Exercise requirements |
For the data that follows, return each line unchanged and drop the pictures.

**** Input material ****

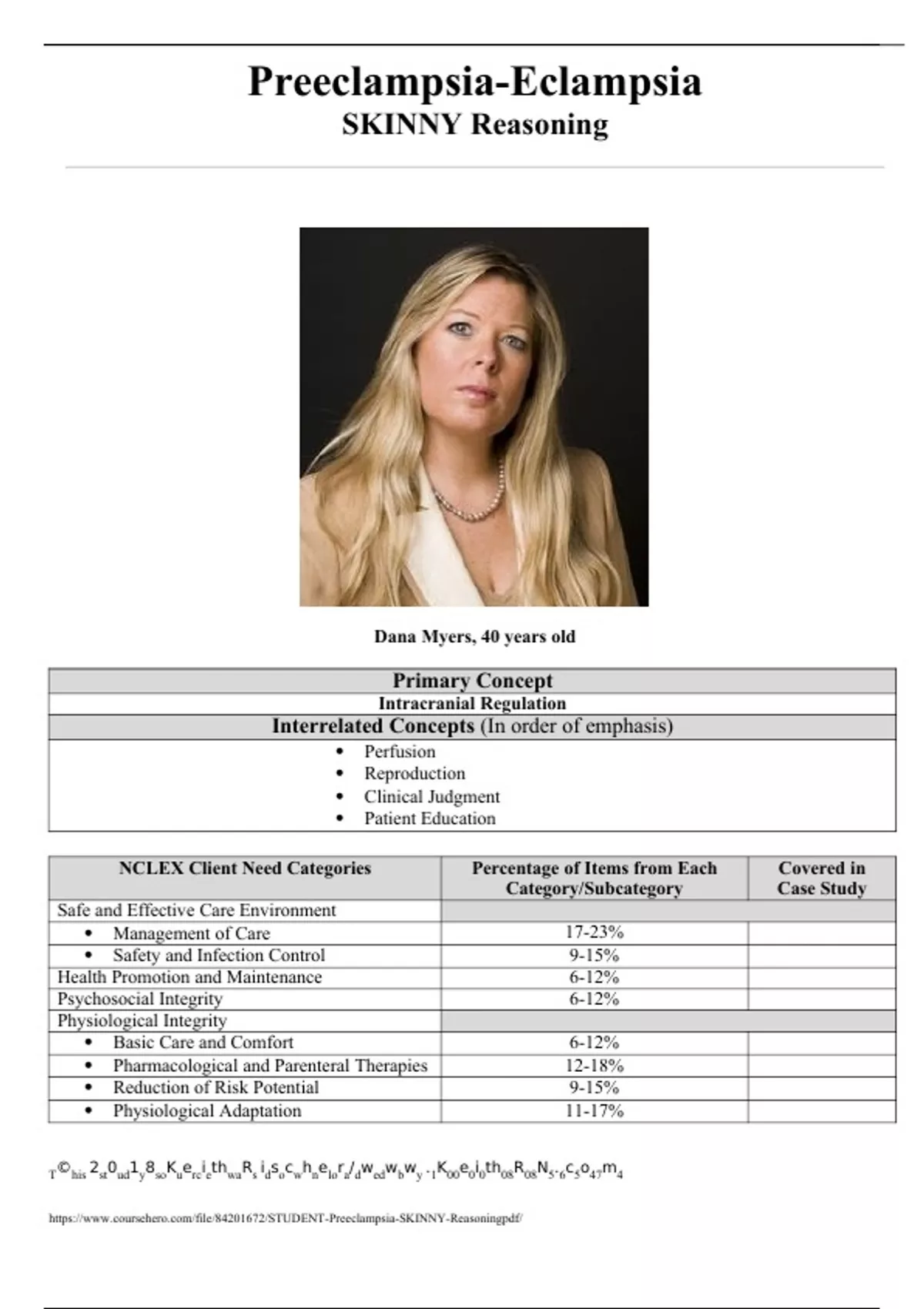 Preeclampsia-Eclampsia SKINNY Reasoning Dana Myers, 40 years old Primary Concept Intracranial Regulation Interrelated Concepts (In order of emphasis) • Perfusion • Reproduction • Clinical Judgment • Patient Education NCLEX Client Need Categories Percentage of Items from Each Category/Subcategory Covered in Case Study Safe and Effective Care Environment • Management of Care 17-23% • Safety and Infection Control 9-15% Health Promotion and Maintenance 6-12% Psychosocial Integrity 6-12% Physiological Integrity • Basic Care and Comfort 6-12% • Pharmacological and Parenteral Therapies 12-18% • Reduction of Risk Potential 9-15% • Physiological Adaptation 11-17% SKINNY Reasoning Part I: Recognizing RELEVANT Clinical Data History of Present Problem: Dana Myers is a 40-year-old woman, G-3 P-2 who is 34 weeks gestation. Her health care provider has been monitoring her weekly because her blood pressure has been increasing the past month and is currently 146/88. Last week she had 1+ non-pitting edema of both lower extremities (BLE) and her urine was negative for protein. Today during her clinic visit, Dana’s BP was 168/90. She had 2+ proteinuria and 3+ pitting edema BLE. She also complained of a mild headache in the center of her forehead, and seeing “spots.” Fetal heart tones via Doppler are 136/minute in the lower left quadrant. Abdominal measurement from pubic bone to top of fundus is 31 cm. The primary care provider was concerned and Dana has been admitted to the community hospital labor and delivery unit to be evaluated for severe preeclampsia. You are the admitting nurse responsible for her care. Personal/Social History: Dana has two children, ages two and four. She is married and both she and her husband are excited to have another baby, but have been concerned about this pregnancy. Dana’s previous two pregnancies were healthy, without incident, resulting in the vaginal births of a boy, then a girl. Dana’s parents live in the same town and are supportive. Dana works part-time teaching English at the local community college. Her husband is an engineer who works full time and is occasionally out of town for work. Dana is generally healthy, without any chronic illnesses. She does not smoke or use recreational drugs. She reports drinking socially but refrains while pregnant. What data from the histories are RELEVANT and has clinical significance to the nurse? RELEVANT Data from Present Problem: Clinical Significance: RELEVANT Data from Social History: Clinical Significance: Patient Care Begins: Current VS: P-Q-R-S-T Pain Assessment (5th VS): T: 98.4 F/36.9 C (oral) Provoking/Palliative: None P: 84 (regular) Quality: Stabbing/throbbing R: 20 (regular) Region/Radiation: Eyes, forehead BP: 164/98 Severity: 5/10 O2 sat: 95% room air Timing: Constant, unrelieved by acetaminophen What VS data are RELEVANT and must be recognized as clinically significant by the nurse? RELEVANT VS Data: Clinical Significance:
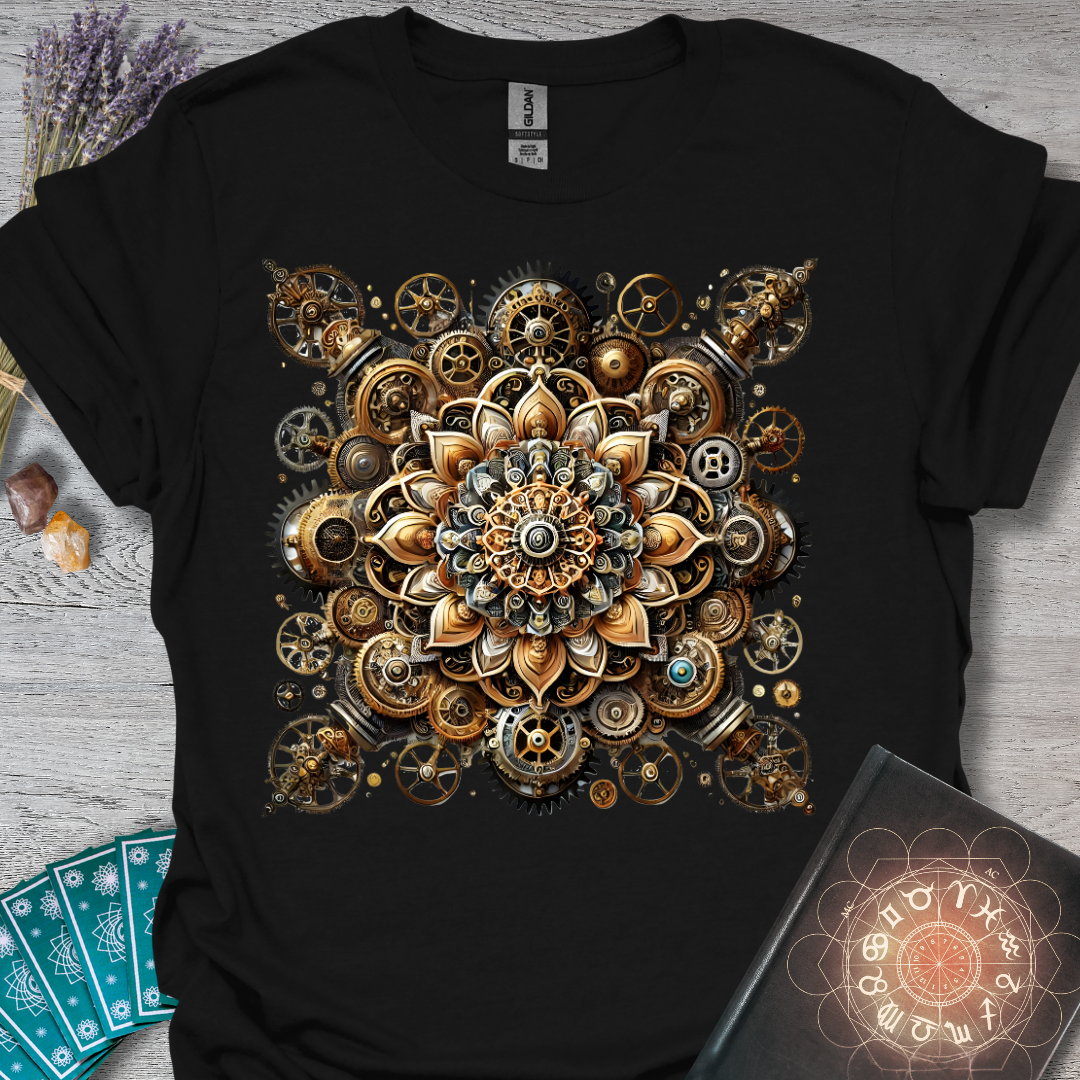 🌼⚙️ This design is a stunning fusion of nature and machinery, featuring a blooming mandala of golden gears, cogs, and intricate metalwork radiating from a central flower. Set against a dark heather background, the steampunk-inspired petals give an organic feel to mechanical elements, blending the elegance of floral motifs with industrial precision. Ideal for those with a passion for the intersection of natural beauty and engineering, this shirt brings together the harmony of life and technology in a visually captivating masterpiece.
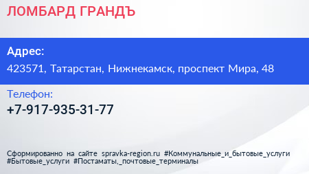 ЛОМБАРД ГРАНДЪ по адресу 423571, Татарстан, Нижнекамск, проспект Мира, 48 в дальнейшем Организация, размещена в следующих категориях:
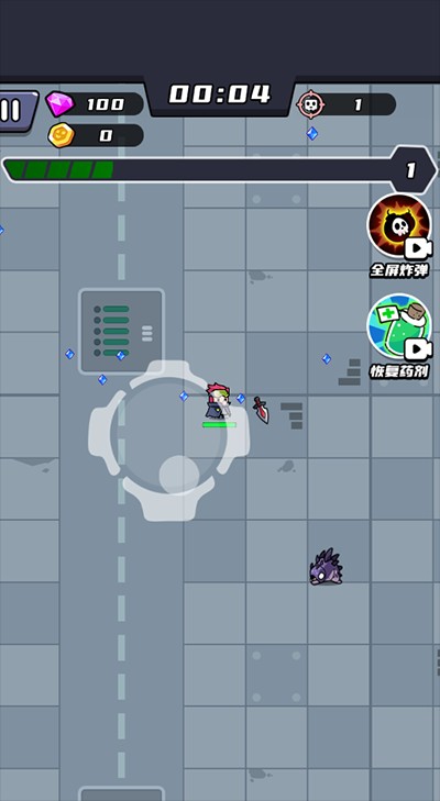 竖屏单手操作,按住拖动即可自由移动,全程自动瞄准射击,轻松拾取能量块与随机道具。面对一波波汹涌而来的丧尸潮,体验行云流水的“割草式”战斗快感——操作极简,但策略不减,节奏紧凑,爽感拉满。
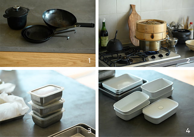 「鍋やフライパン、蒸籠(せいろ)は丈夫で質の いい素材を選べばずっとつき合えます。長持ちする分、多少値が張ることは覚悟して購入しています」。
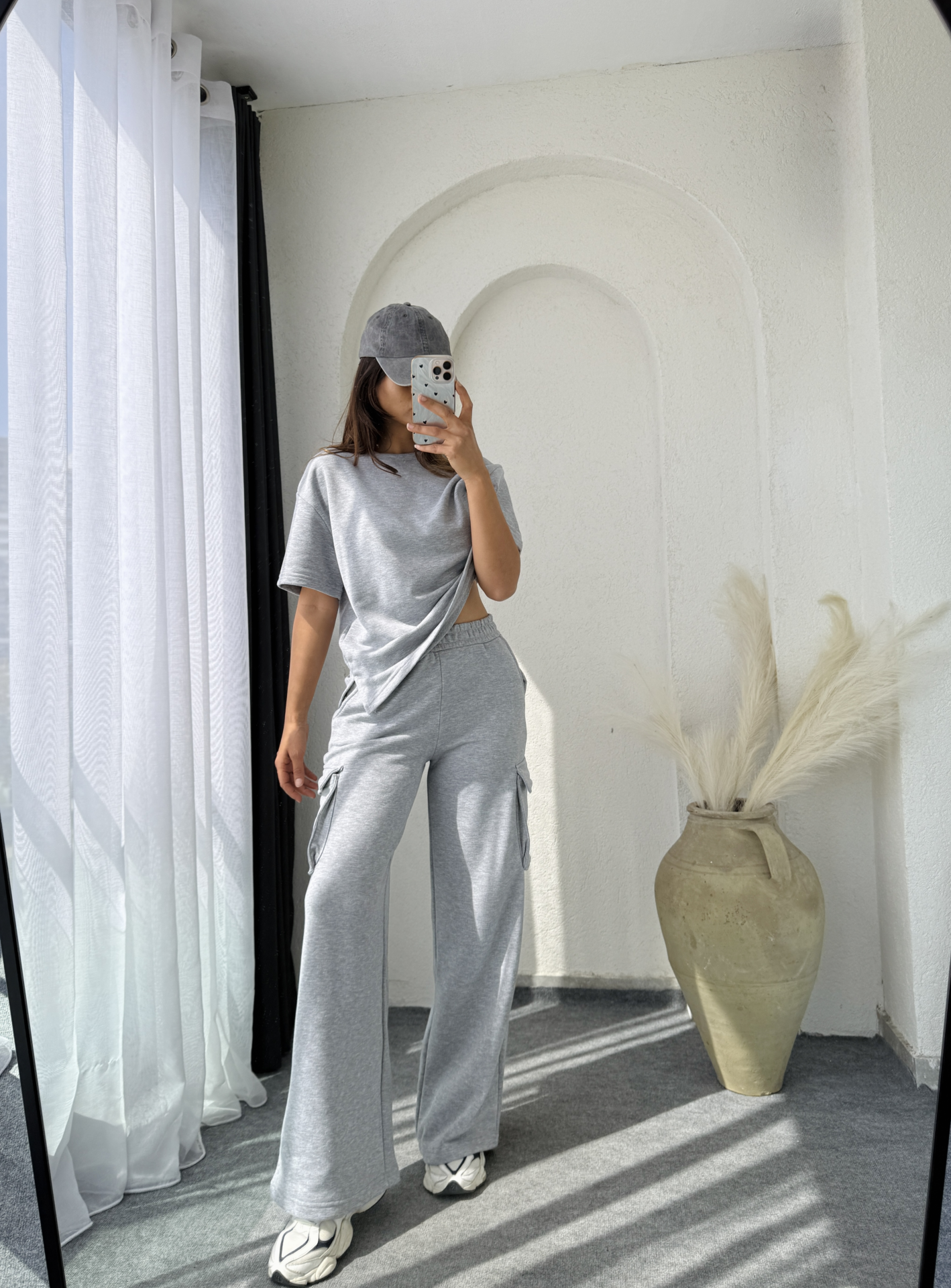 Trend  ve rahat kesim olan  karmelanj oversize tişörtü ve kargo model eşofmanıyla , kaliteli 2 iplik pamuklu kumaşıyla haftasonu için mükemmel bir seçenek. Sade ve şık tasarımıyla her türlü kombinle uyum sağlayarak, spor şıklığı arayanlara ideal bir seçenek. Kaliteyi uygun fiyatla ulaşarak, konforu ve stili bir arada yaşayabilirsiniz.Bu takım tam sana göre
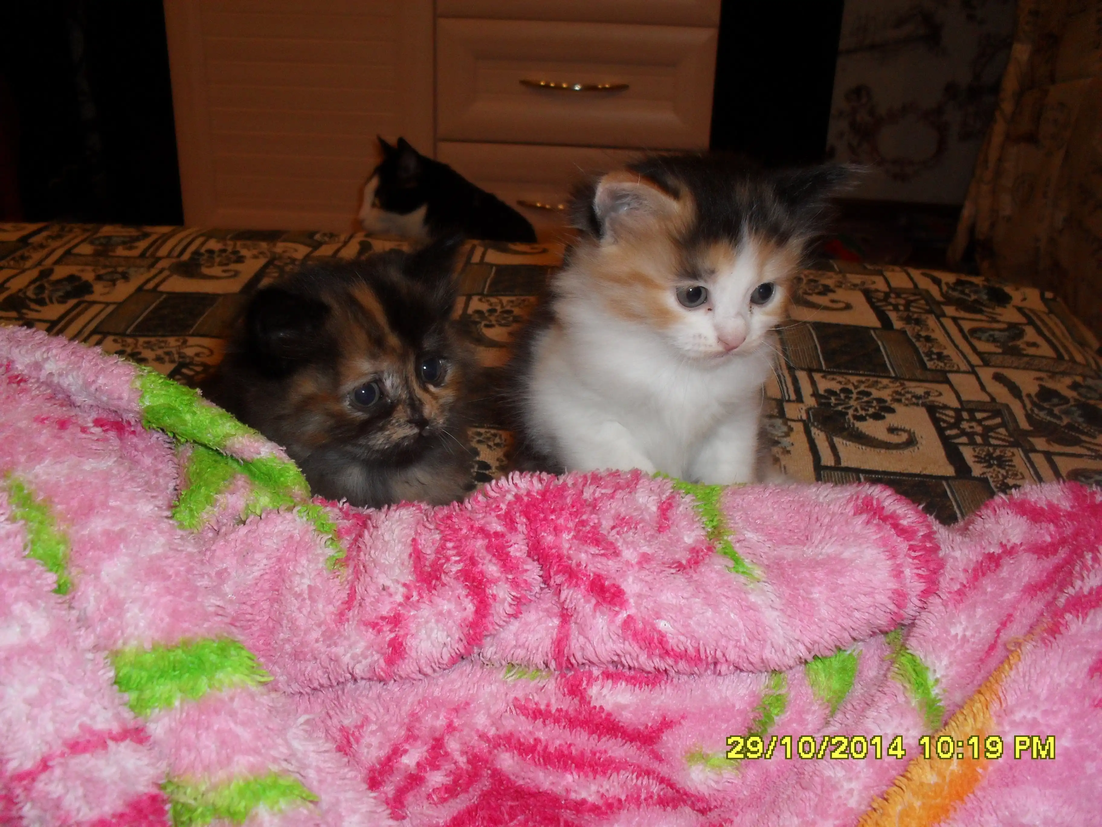 Отдам котят в добрые, заботливые руки. Девочки. Пушистые, игривые комочки). 26.10 исполнился месяц. Кушают все подряд (молоко, вареное мясо, печень и т.д), к лотку приучены.
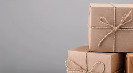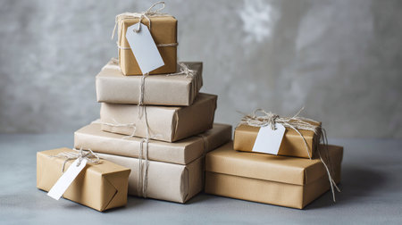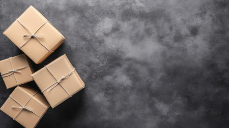 This image features four neatly wrapped gift boxes tied with twine, set against a textured gray background. Ideal for holiday themes or gifting concepts.
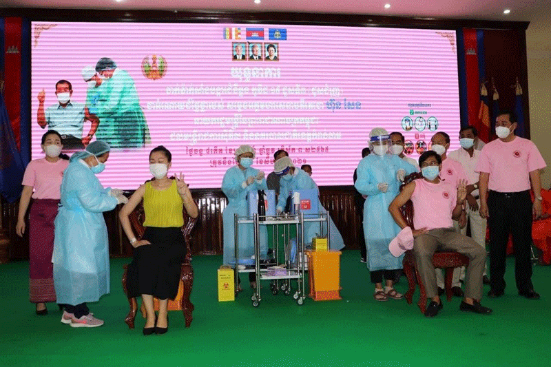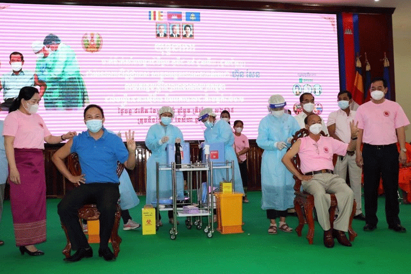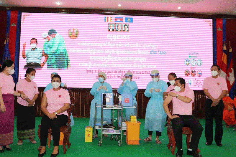 កំពង់ចាម : ឯកឧត្តម អ៊ុន ចាន់ដា អភិបាលខេត្ត កំពង់ចាម និងជាប្រធានគណកម្មការខេត្តប្រយុទ្ធប្រឆាំងនឹងជំងឺកូវីដ-១៩ នាព្រឹកថ្ងៃទី១៦ ខែសីហា ឆ្នាំ ២០២១ នេះ បានអញ្ជើញបើកយុទ្ធនាការចាក់វ៉ាក់សាំងបង្ការជំងឺកូវីដ-១៩ ដូសទី៣ (ដូសជម្រុញ ជូនមន្ត្រីរាជការ កងកម្លាំងប្រដាប់អាវុធ ក្នុងខេត្តកំពង់ចាម ។

****

Solution to the exercise |
 Preeclampsia-Eclampsia SKINNY Reasoning Dana Myers, 40 years old Primary Concept Intracranial Regulation Interrelated Concepts (In order of emphasis) • Perfusion • Reproduction • Clinical Judgment • Patient Education NCLEX Client Need Categories Percentage of Items from Each Category/Subcategory Covered in Case Study Safe and Effective Care Environment • Management of Care 17-23% • Safety and Infection Control 9-15% Health Promotion and Maintenance 6-12% Psychosocial Integrity 6-12% Physiological Integrity • Basic Care and Comfort 6-12% • Pharmacological and Parenteral Therapies 12-18% • Reduction of Risk Potential 9-15% • Physiological Adaptation 11-17% SKINNY Reasoning Part I: Recognizing RELEVANT Clinical Data History of Present Problem: Dana Myers is a 40-year-old woman, G-3 P-2 who is 34 weeks gestation. Her health care provider has been monitoring her weekly because her blood pressure has been increasing the past month and is currently 146/88. Last week she had 1+ non-pitting edema of both lower extremities (BLE) and her urine was negative for protein. Today during her clinic visit, Dana’s BP was 168/90. She had 2+ proteinuria and 3+ pitting edema BLE. She also complained of a mild headache in the center of her forehead, and seeing “spots.” Fetal heart tones via Doppler are 136/minute in the lower left quadrant. Abdominal measurement from pubic bone to top of fundus is 31 cm. The primary care provider was concerned and Dana has been admitted to the community hospital labor and delivery unit to be evaluated for severe preeclampsia. You are the admitting nurse responsible for her care. Personal/Social History: Dana has two children, ages two and four. She is married and both she and her husband are excited to have another baby, but have been concerned about this pregnancy. Dana’s previous two pregnancies were healthy, without incident, resulting in the vaginal births of a boy, then a girl. Dana’s parents live in the same town and are supportive. Dana works part-time teaching English at the local community college. Her husband is an engineer who works full time and is occasionally out of town for work. Dana is generally healthy, without any chronic illnesses. She does not smoke or use recreational drugs. She reports drinking socially but refrains while pregnant. What data from the histories are RELEVANT and has clinical significance to the nurse? RELEVANT Data from Present Problem: Clinical Significance: RELEVANT Data from Social History: Clinical Significance: Patient Care Begins: Current VS: P-Q-R-S-T Pain Assessment (5th VS): T: 98.4 F/36.9 C (oral) Provoking/Palliative: None P: 84 (regular) Quality: Stabbing/throbbing R: 20 (regular) Region/Radiation: Eyes, forehead BP: 164/98 Severity: 5/10 O2 sat: 95% room air Timing: Constant, unrelieved by acetaminophen What VS data are RELEVANT and must be recognized as clinically significant by the nurse? RELEVANT VS Data: Clinical Significance:
 🌼⚙️ This design is a stunning fusion of nature and machinery, featuring a blooming mandala of golden gears, cogs, and intricate metalwork radiating from a central flower. Set against a dark heather background, the steampunk-inspired petals give an organic feel to mechanical elements, blending the elegance of floral motifs with industrial precision. Ideal for those with a passion for the intersection of natural beauty and engineering, this shirt brings together the harmony of life and technology in a visually captivating masterpiece.
 ЛОМБАРД ГРАНДЪ по адресу 423571, Татарстан, Нижнекамск, проспект Мира, 48 в дальнейшем Организация, размещена в следующих категориях:
 竖屏单手操作,按住拖动即可自由移动,全程自动瞄准射击,轻松拾取能量块与随机道具。面对一波波汹涌而来的丧尸潮,体验行云流水的“割草式”战斗快感——操作极简,但策略不减,节奏紧凑,爽感拉满。
 「鍋やフライパン、蒸籠(せいろ)は丈夫で質の いい素材を選べばずっとつき合えます。長持ちする分、多少値が張ることは覚悟して購入しています」。
 Trend  ve rahat kesim olan  karmelanj oversize tişörtü ve kargo model eşofmanıyla , kaliteli 2 iplik pamuklu kumaşıyla haftasonu için mükemmel bir seçenek. Sade ve şık tasarımıyla her türlü kombinle uyum sağlayarak, spor şıklığı arayanlara ideal bir seçenek. Kaliteyi uygun fiyatla ulaşarak, konforu ve stili bir arada yaşayabilirsiniz.Bu takım tam sana göre
 Отдам котят в добрые, заботливые руки. Девочки. Пушистые, игривые комочки). 26.10 исполнился месяц. Кушают все подряд (молоко, вареное мясо, печень и т.д), к лотку приучены.
 This image features four neatly wrapped gift boxes tied with twine, set against a textured gray background. Ideal for holiday themes or gifting concepts.
 កំពង់ចាម : ឯកឧត្តម អ៊ុន ចាន់ដា អភិបាលខេត្ត កំពង់ចាម និងជាប្រធានគណកម្មការខេត្តប្រយុទ្ធប្រឆាំងនឹងជំងឺកូវីដ-១៩ នាព្រឹកថ្ងៃទី១៦ ខែសីហា ឆ្នាំ ២០២១ នេះ បានអញ្ជើញបើកយុទ្ធនាការចាក់វ៉ាក់សាំងបង្ការជំងឺកូវីដ-១៩ ដូសទី៣ (ដូសជម្រុញ ជូនមន្ត្រីរាជការ កងកម្លាំងប្រដាប់អាវុធ ក្នុងខេត្តកំពង់ចាម ។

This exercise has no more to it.